Software Environment
- Python 3.10.12
- Supports single-GPU and multi-GPU inference
- Integrated xDiT USP for accelerated inference
Installation and Usage
Basic Installation
# Clone the repository
git clone https://github.com/SkyworkAI/SkyReels-V2
cd SkyReels-V2
# Install dependencies
pip install -r requirements.txt
Text-to-Video Generation Example
model_id=Skywork/SkyReels-V2-T2V-14B-540P
python3 generate_video.py \
--model_id ${model_id} \
--resolution 540P \
--num_frames 97 \
--guidance_scale 6.0 \
--shift 8.0 \
--fps 24 \
--prompt "A serene lake surrounded by towering mountains, with a few swans gracefully gliding across the water and sunlight dancing on the surface." \
--offload \
--teacache \
--use_ret_steps \
--teacache_thresh 0.3
Infinite-Length Video Generation Example
model_id=Skywork/SkyReels-V2-DF-14B-540P
# Synchronous inference to generate a 10-second video
python3 generate_video_df.py \
--model_id ${model_id} \
--resolution 540P \
--ar_step 0 \
--base_num_frames 97 \
--num_frames 257 \
--overlap_history 17 \
--prompt "A graceful white swan with a curved neck and delicate feathers swimming in a serene lake at dawn, its reflection perfectly mirrored in the still water as mist rises from the surface, with the swan occasionally dipping its head into the water to feed." \
--addnoise_condition 20 \
--offload \
--teacache \
--use_ret_steps \
--teacache_thresh 0.3
Advanced Features
1. Video Extension
Supports extending existing videos to create longer content.

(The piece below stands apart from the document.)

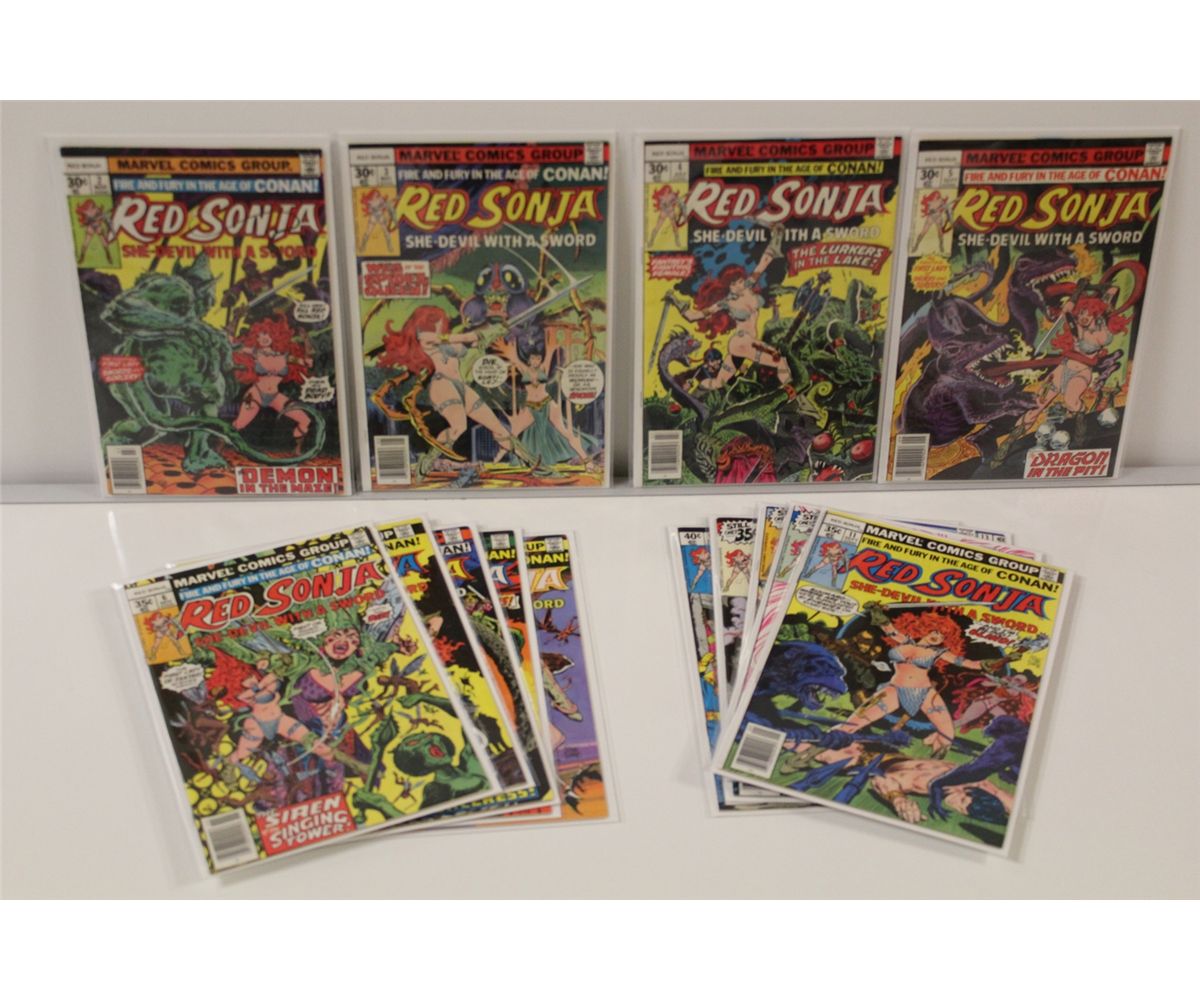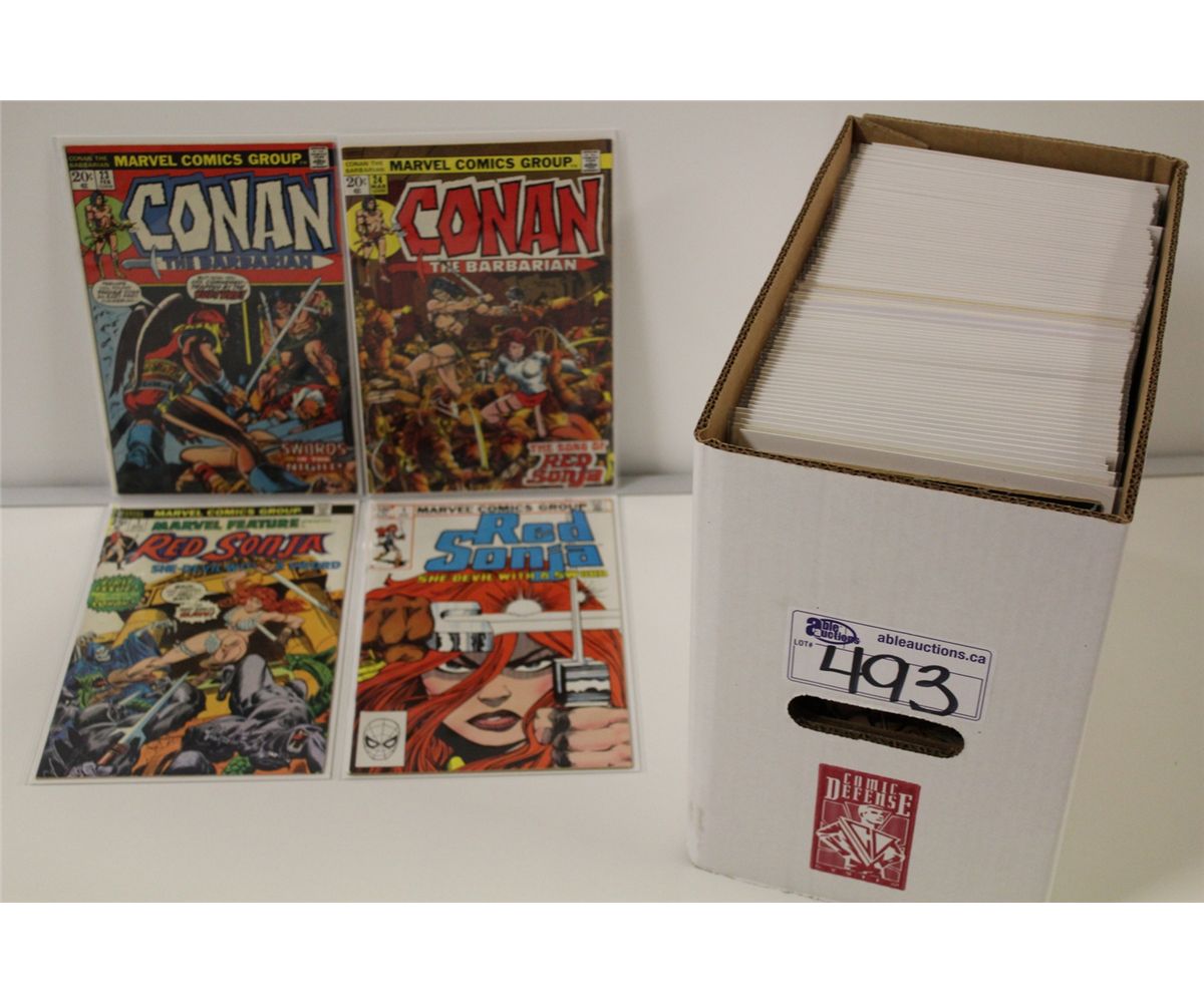 RED SONJA LOT OF 10 SETS & ONE-SHOTS + KING CONAN #1-53 (1973-89) EXTENSIVE FANTASY LOT OF THE 2 INFAMOUS R.E.H. CHARACTERS! INCLUDES CONAN THE BARBARIAN #23 & 24 - 1ST 2 APP RED SONJA (1973), MARVEL FEATURE #1-5 1975), RED SONJA #2-15 (1977), SERIES 2 SERIES 3 - #1-13 (-#10) (1983) + 2 RS RS MINI SERIES & 4 ONE-SHOTS & KING CONAN # 1-53 (MINUS 9 ISSUES) 90 BOOKS TOTAL, HIGH GRADE AVERAGE, MOST NM RANGE, CHOICE LOT! 2013 OVERSTREET TOP END GUIDE VALUE OF OVER $750

2. Start/End Frame Control
Allows specifying the start and end frames of a video for precise control.
3. Prompt Enhancer
A prompt enhancement feature based on Qwen2.5-32B-Instruct, capable of expanding short prompts into more detailed descriptions.
4. Multi-GPU Acceleration
Supports multi-GPU parallel inference via xDiT USP, significantly boosting generation speed.
Related Projects
- SkyReels-A2: A controllable video generation framework capable of assembling arbitrary visual elements.

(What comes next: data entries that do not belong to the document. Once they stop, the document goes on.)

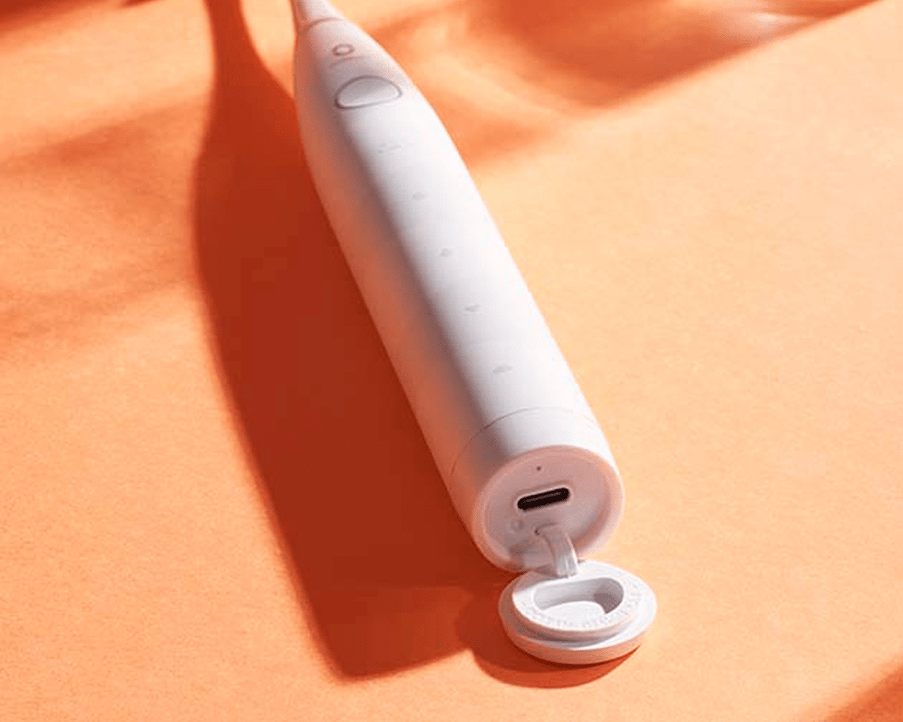 To najdłużej działająca Szczoteczka Oclean na jednym naładowaniu. Ładuje się ją raz na 180 dni* za pomocą standardowego kabla USB-C dołączonego do zestawu lub dowolnym innym kablem USB-C. Port ładowania USB-C ukryty jest za silikonową uszczelką na spodzie rękojeści.
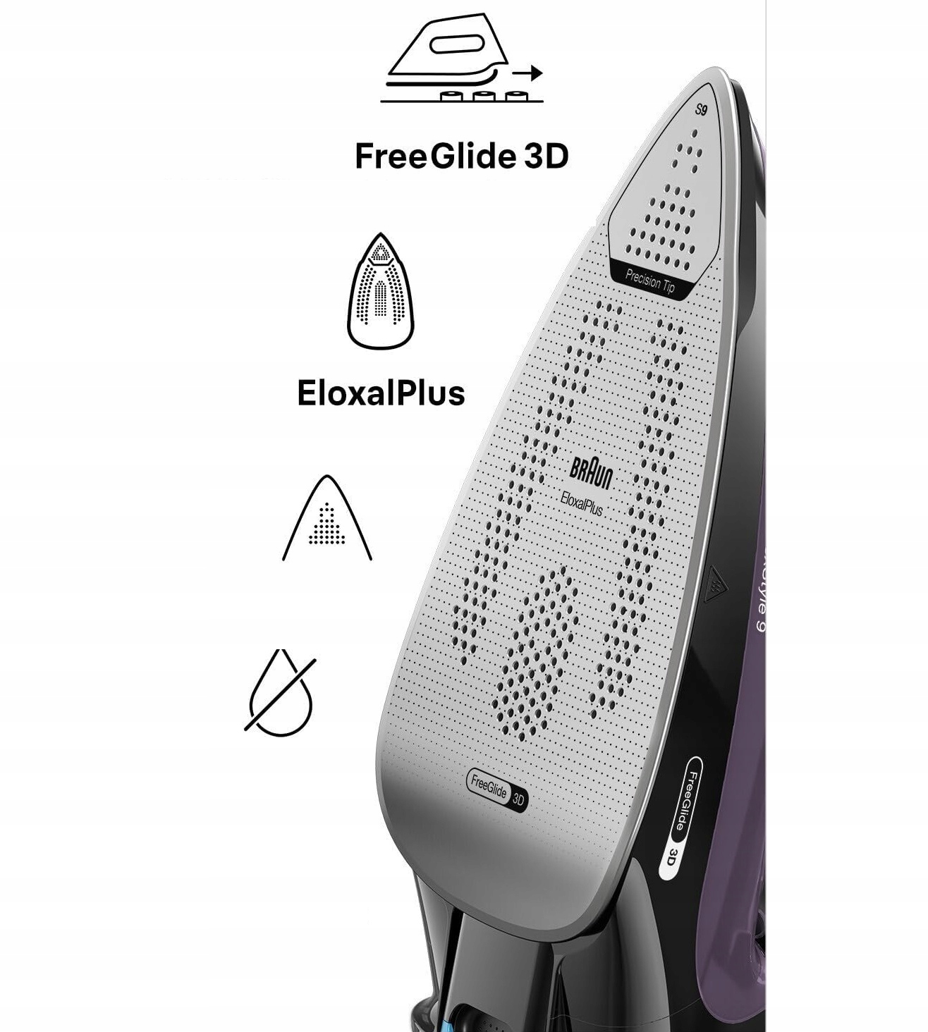 High quality steam iron with Freeglide 3D, 3100W sole, steam sheet 260 g/min ,, h1> Eloxal foot Eloxalplus Freeglide 3D h1>
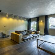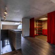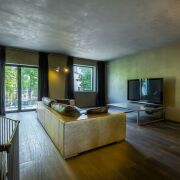 1-ый уровень – отапливаемый гараж с отдельным входом, из которого попадаешь в квартиру. Гараж, по желанию, можно переоборудовать в еще одну комнату, так как с внешней стороны таунхауса имеется придомовая закрытая территория с открытой парковкой. Вместительная гардеробная, которая отделена от комнаты прозрачной перегородкой. Из комнаты на первом уровне можно выйти во внутренний дворик с ландшафтным дизайном. Также на 1-ом уровне расположен санузел и хозяйственный блок.
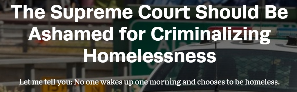 代表無家可歸者的律師們(men) 稱,不敢相信憲法允許城市懲罰無家可歸的居民,僅(jin) 僅(jin) 因為(wei) 他們(men) 在無處可去的情況下,裹著毯子在戶外睡覺。
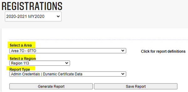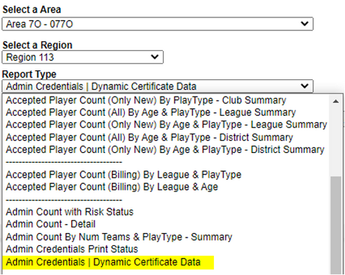 - Select your Area and Region if it was not automatically selected for you. Then select the Report Type: Admin Credentials | Dynamic Certificate Data.
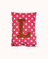 Buchstabenkissen L – Braun auf Dunkelpink mit weißen Punkten

- SkyReels-V1: The first open-source human-centric video foundation model.
- SkyCaptioner-V1: A specialized video caption generation model.
Open Source Information
- GitHub Repository: https://github.com/SkyworkAI/SkyReels-V2
- Hugging Face Models: https://huggingface.co/collections/Skywork/skyreels-v2-6801b1b93df627d441d0d0d9
- Technical Paper: https://arxiv.org/pdf/2504.13074
- Online Demo: https://www.skyreels.ai/home
Summary
SkyReels-V2 represents a major breakthrough in AI video generation technology, particularly in long-form video synthesis. It not only achieves technical innovation but also opens up new possibilities for creative applications such as dramatic production and virtual e-commerce, pushing the boundaries of controllable video generation.